IHT di SMAN 1 Karanggede pada dasarnya bukan menghadirkan sesuatu yang sepenuhnya baru, melainkan menyadarkan kembali bahwa delapan langkah atau nilai yang dibahas sesungguhnya sudah dijalankan dalam keseharian warga sekolah. Namun, sering kali praktik-praktik baik tersebut belum teridentifikasi dan belum dipahami bersama sebagai bagian dari sebuah gerakan pendidikan karakter berbasis kearifan lokal.

 

Dalam sambutannya, Kepala SMAN 1 Karanggede, Ibu Titik Nur Aini, S.Sos., M.Pd. menyampaikan bahwa tujuan kegiatan ini adalah untuk “membuka kesadaran bersama.” Banyak hal yang sebenarnya sudah dilakukan oleh Bapak dan Ibu guru, komite, maupun peserta didik, tetapi belum diberi makna sebagai bagian dari laku pendidikan toleransi. Melalui forum ini, nilai-nilai tersebut diangkat, dirumuskan, dan ditegaskan kembali agar menjadi kesadaran kolektif.

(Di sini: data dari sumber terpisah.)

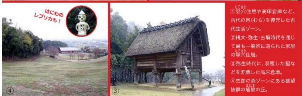
① 竪穴住居や高床倉庫など、古代の邑(むら)を復元した古代生活ゾーン。 ② 縄文・弥生・古墳時代を通じて最も一般的に造られた家屋の竪穴住居。 ③ 弥生時代に、収穫した稲などを貯蔵した高床倉庫。 ④ 史跡の森ゾーンにある眺望抜群の堀原の丘。

文化財や歴史文化遺産が数多く点在し、豊かな自然にも恵まれた国府町西矢野エリア。そのシンボリックな存在となっているのが、平成5年にオープンした「阿波史跡公園」です。約6万5000平方メートルの広大な園内は、古代の邑を復元した「古代生活」、古墳や城跡が残る「史跡の森」、考古資料館もある「歴史文化」、野草などに親しめる「自然体験」と、テーマ別に4つのゾーンで構成。中でも一際と目を引くのが古代生活ゾーン内にある2棟の竪穴住居と高床倉庫。古代生活を体感する2棟の竪穴住居で、徳島市内の発掘調査をもとに復元されました。7×7メートルと6×5・6メートルの大きさを主柱は4本あり、建築材には檜などの広葉樹を使用。屋根には冷害に強い青森産の葺いで葺いています。他にも、床面積が一般的なものに比べて約3〜4倍もあるという高床倉庫や、徳島市内を一望できる前方後円墳の宮谷古墳など、地域が育んだお宝がいっぱい。緑豊かな遊歩道に沿って、散歩気分を味わってはいかがですか？

Salah satu poin penting yang mengemuka adalah bagaimana cara mengapresiasi anak dan membangun pembiasaan positif. Pendidikan toleransi tidak berhenti pada wacana, melainkan perlu diwujudkan melalui sikap sehari-hari: cara guru menyapa siswa, cara sekolah merespons perbedaan, hingga bagaimana ruang aman diciptakan bagi setiap anak tanpa terkecuali. Kearifan lokal Jawa, hasthalaku, menjadi fondasi dalam membangun budaya sekolah yang saling menghormati dan aman.

 

Harapannya, melalui pembiasaan yang konsisten, sekolah semakin ramah anak dan nyaman bagi semua. Ketika nilai-nilai tersebut benar-benar hidup di dalam hati setiap warga sekolah, maka berbagai program sekolah pun akan berjalan lebih lancar. Toleransi yang tumbuh dari kesadaran akan memunculkan loyalitas terhadap lembaga, memperkuat profesionalitas dalam bekerja, dan membangun rasa memiliki yang mendalam.

 

Kegiatan IHT ini juga menjadi ruang dialog yang hangat dan reflektif. Para peserta tidak hanya mendengarkan materi, tetapi juga diajak untuk merefleksikan praktik yang sudah dilakukan serta menyusun komitmen bersama untuk langkah ke depan. Dengan demikian, pendidikan toleransi berbasis kearifan lokal Jawa bukan sekadar tema kegiatan, melainkan menjadi ruh dalam setiap gerak dan kebijakan sekolah yang mendukung terwujudnya sekolah aman dan nyaman seperti yang diamanatkan oleh Permendikdasmen Nomor 6 Tahun 2026.

Di akhir sesi, suasana penuh semangat dan kebersamaan terasa di Aula SMAN 1 Karanggede. Dengan komitmen yang diperbarui, seluruh guru dan karyawan siap melangkah bersama, menghadirkan sekolah yang aman, nyaman, dan menggembirakan bagi seluruh warga sekolah.